Another way to look at this problem is to pick two indexs, I and J, such that the index I appears before index J, as well as the number at nums index of I being smaller then the value at nums index of J.

In other words, Number I must appear before J in the array, and number I must be smaller than number J in the array.

For example [(1),2,3,4,(5)] = Minimal distance between elements 5 and 1 is 4 [(1),0,2,(3)] = Minimal distance between elements 1 and 3 is 3 [6,3,(2),1,5,(3)] = Minimal distance between the last 3 and the middle 2 is 4

Thoughts

I immediately misread the questions and assumed it was talking about finding the largest increasing monotonic stack by traversing left to right in the test case array. However, even after realizing this wasn’t the case, I was still determined to use a monotomic stack for this problem.

Rethinking about the problem, I realized that for each right most index, the distance value that would be returned was the distance between itself and the leftmost index of any element that is smaller then the right most index’s value. For example, for a testcase like [200,5,4,3,2,1,100] at the index for element 100, you would consider only 5,4,3,2,1 since those are values that are smaller then 100. the 200 can then be ingnored.

Also I realized that the way to get a maximal distance would be using classic monostack popping until you reach a point where you can no longer pop. For example, with testcase [200,5,4,3,2,1,100], you could have a monostack like [200,5,4,3,2,1], and then pop elements 5,4,3,2,1 you are left with 200.

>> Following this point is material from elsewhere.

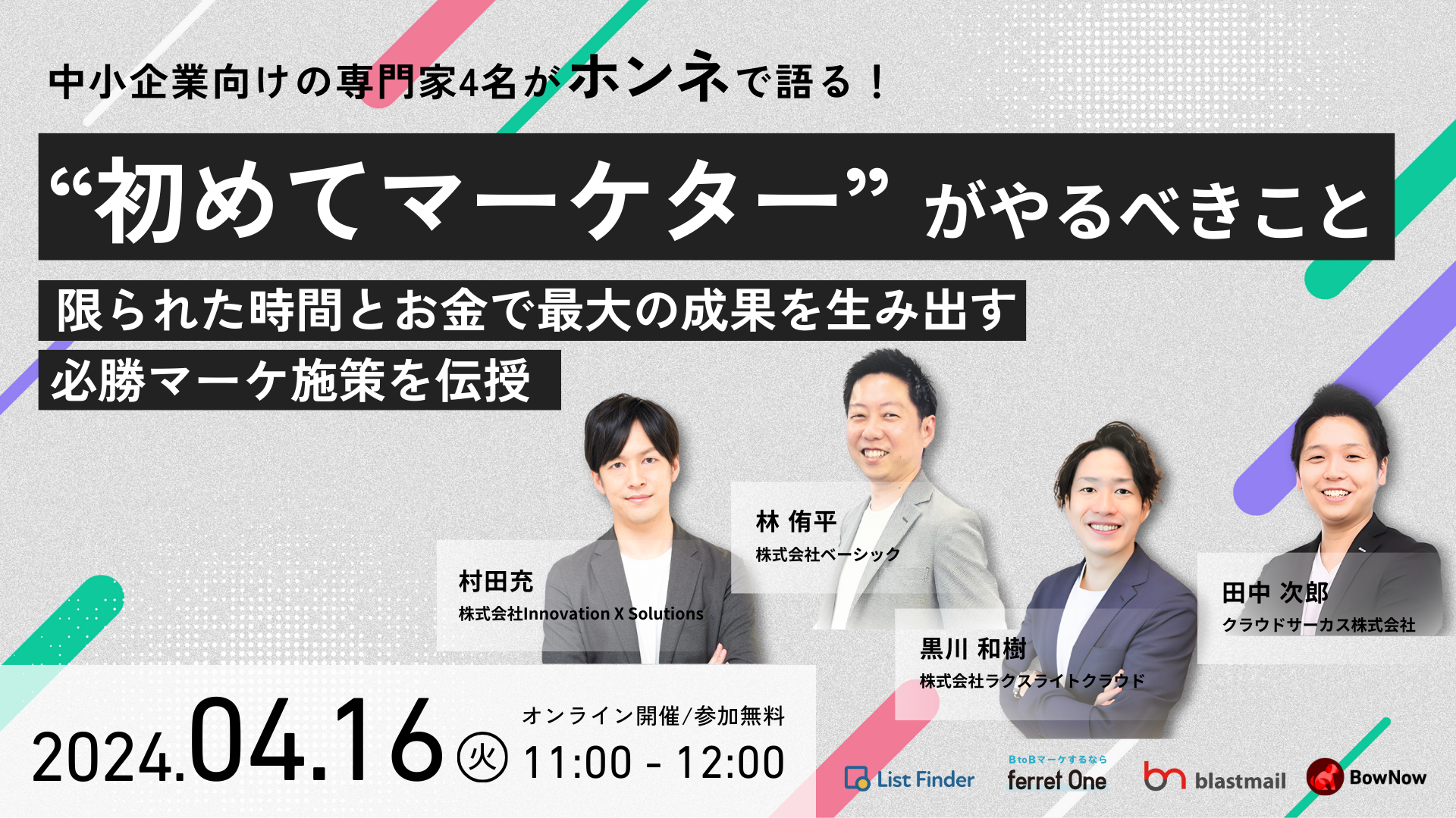 ベーシック、4/16(火)11時よりクラウドサーカス社主催の「”初めてマーケター”がやるべきこと ~限られた時間とお金で最大の成果を生み出す必勝マーケ施策を伝授~」に登壇

For testcases like [10,1,2,3,11], your monostack that you start with initally should just elements such that each element is less then its prevous elements. For example, you would only need to have [10,1] to evaluate from the 11 element. This is due to being 2 and 3 being larger then 1, but also appearing after 1 in the array. Since 1 is already smaller then the next elements, 2 and 3, and can greedily say that 2 and 3 are not good choices, since 1 is already smaller then thoose two values.

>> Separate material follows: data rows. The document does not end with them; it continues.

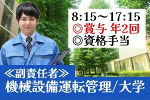 インフォメーション 急募≪土日祝休み≫資格手当・賞与年2回!あなたのボイラー・乙4資格を給与に直結させる設備管理 ~ 大学内でのお仕事です ~ 《群馬大学・昭和キャンパス》 資格と経験を活かして一緒に働きませんか? 大学内の機械設備管理の副責任者のお仕事です 日勤専属+土日祝休み! 長期歓迎・フルタイム歓迎・社会保険あり ボーナス・賞与あり(年2回)+資格手当あり 安定の社員登用制度あり ◎経験者歓迎・ご応募お待ちしております◎ アピールポイント ◎日勤・土日祝休み ◎賞与年2回 ◎資格手当あり ◎資格取得支援制度あり ◎正社員登用制度あり \ ご応募お待ちしております /
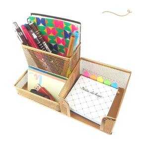 Com o Kit Organizador Para Escritório Com 3 Partições Dourado Ouro, você terá suas canetas, lápis, borracha, clips e bloco de notas sempre ao seu alcance, facilitando o seu trabalho diário. Sua mesa ficará mais organizada e você terá mais praticidade na hora de encontrar o que precisa.
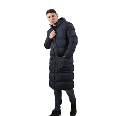 Divadames Men's Padded Parka Longline Hooded Winter Coat Warm and Cosy Long Jacket Navy Medium
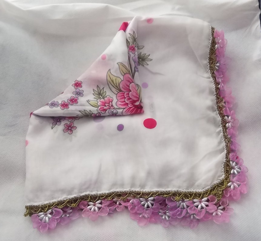 Yumuşak sentetik kumaştan beyaz kadın fular, pastel çiçek desenleri ve ince dantel kenar detayına sahip. Bohem tarz için uygun.
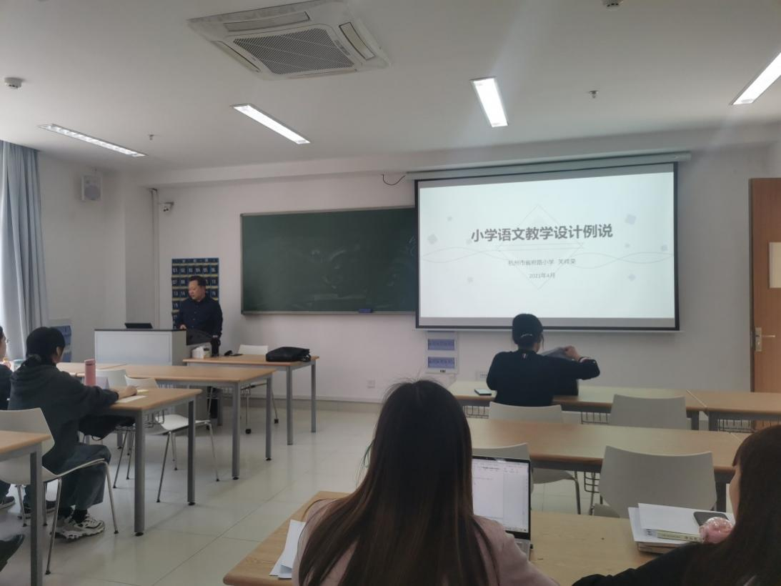 2021年4月20日下午,杭州市省府路小学的校长,特级教师关祥荣为2020级小学教育语文方向的研究生带来了一场题为《小学语文教学设计例说》的讲座。关校长提出课堂教学设计的追求是引起学生学习、建立精准目标、形成语文素养、唤醒探究欲望,这四点分别对应教学设计的起点、落点、终点、盲点,本次讲座针对这四点展开,通过结合许多的课文实例,理论与实践相结合,让同学们受益匪浅。
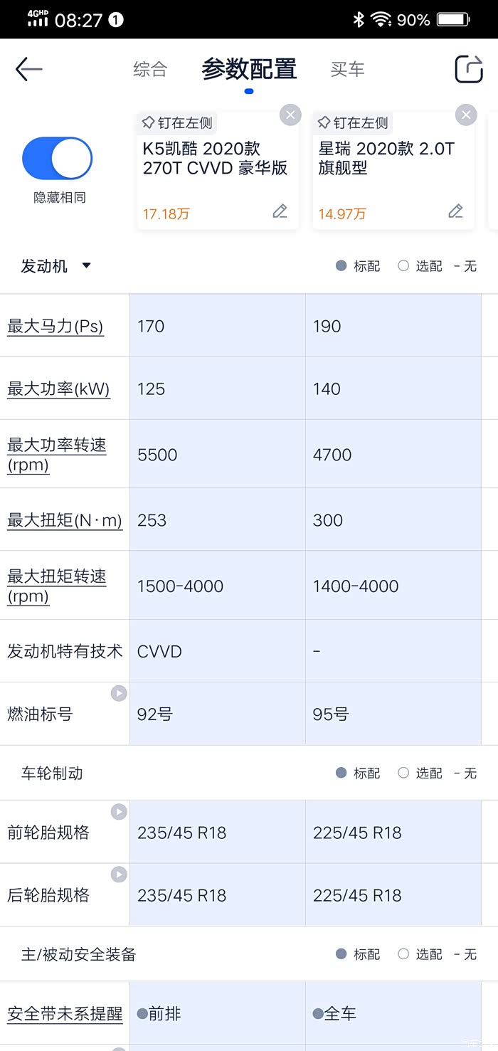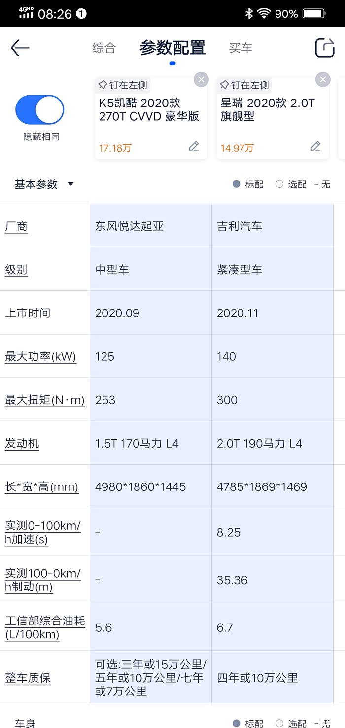 认真地审视一番,你会发现除了一些可有可无的配置,K5性价比会更好,如果你们觉得2.0比1.5的,但也要看看人家是2900轴距,5米的车身,而且1.5更省油,还有液压撑杆后备箱杆及音响包裹等细节用料,对于不是很追求刚需配置的个人更推荐去选K5,但是预算没那么多就选星瑞12.37万的豪华版(纯属个人意见)

Lastly, with a problem like this I am sure that while my monoStack is going to use the values of the array for comparisons, I am storing indexs inside of the monoStack itself. This way, I am able to do a distance calculation between two different points in the array if certian conditions are meet.

Implementation

First, I use a for loop to form a decreasing monoStack in Javascript like I usually do. However, I dont preform any popping operations, only pushs when I find numbers that are smaller then the previous number on the top of the stack.

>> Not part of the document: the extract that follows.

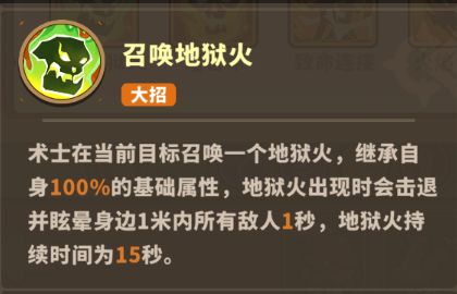 召唤继承100%属性的地狱火,登场击退并眩晕1米内敌人1秒,持续15秒。这是阵容的战略控场与爆发点。地狱火不仅是强力前排,其出场控场能在关键时刻控制敌人,打乱阵型
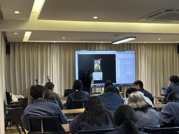 课堂中,梵音老师耐心的一步步指导学生如何实操,从如何在抖音平台上寻找爆款视频,如何快捷的获取视频中的文案,如何完成视频脚本的制作到短视频行为规范等等内容一一讲解,学生也表示从中学习到了非常多有用的知识。讲解完毕之后每位学生都现场实操拍摄了一段口播介绍,尝试在镜头前展示自己,表达自己,不少同学都有了新的尝试和突破。最后,梵音老师还悉心的引导同学们完成剪辑工作,形成一段段完整的短视频。

I then a second for loop, this time moving from right to left, to remove elements from my monoStack if they are smaller or equal to my current number. I also update my max varible with the max possible distance between the index. This is simply done my taking my current Rightmost index on my, and then subtracting the index on the top of the stack, which represents the rightmost index of the next element in the array that is smaller than my rightmost index’s value.

Finally, I just return max which after the second for loop runs, contains my maximal distance / maximal ramp width to leetcode.

/**
 * @param {number[]} nums
 * @return {number}
 */
var maxWidthRamp = function(nums) {
    let monoStack = [];
    let max = 0;
    for(let I = 0; I<nums.length; I++){
        if(monoStack.length == 0 || nums[ monoStack[monoStack.length-1] ] > nums[I]){
            monoStack.push(I);
        }
    }

    for(let R = nums.length-1; R>= 0; R--){
        while(monoStack.length > 0 
        && nums[monoStack[monoStack.length-1]] <= nums[R]){
            max = Math.max(max, R-monoStack[monoStack.length-1] );
            monoStack.pop();
        }
    }

    return max;
};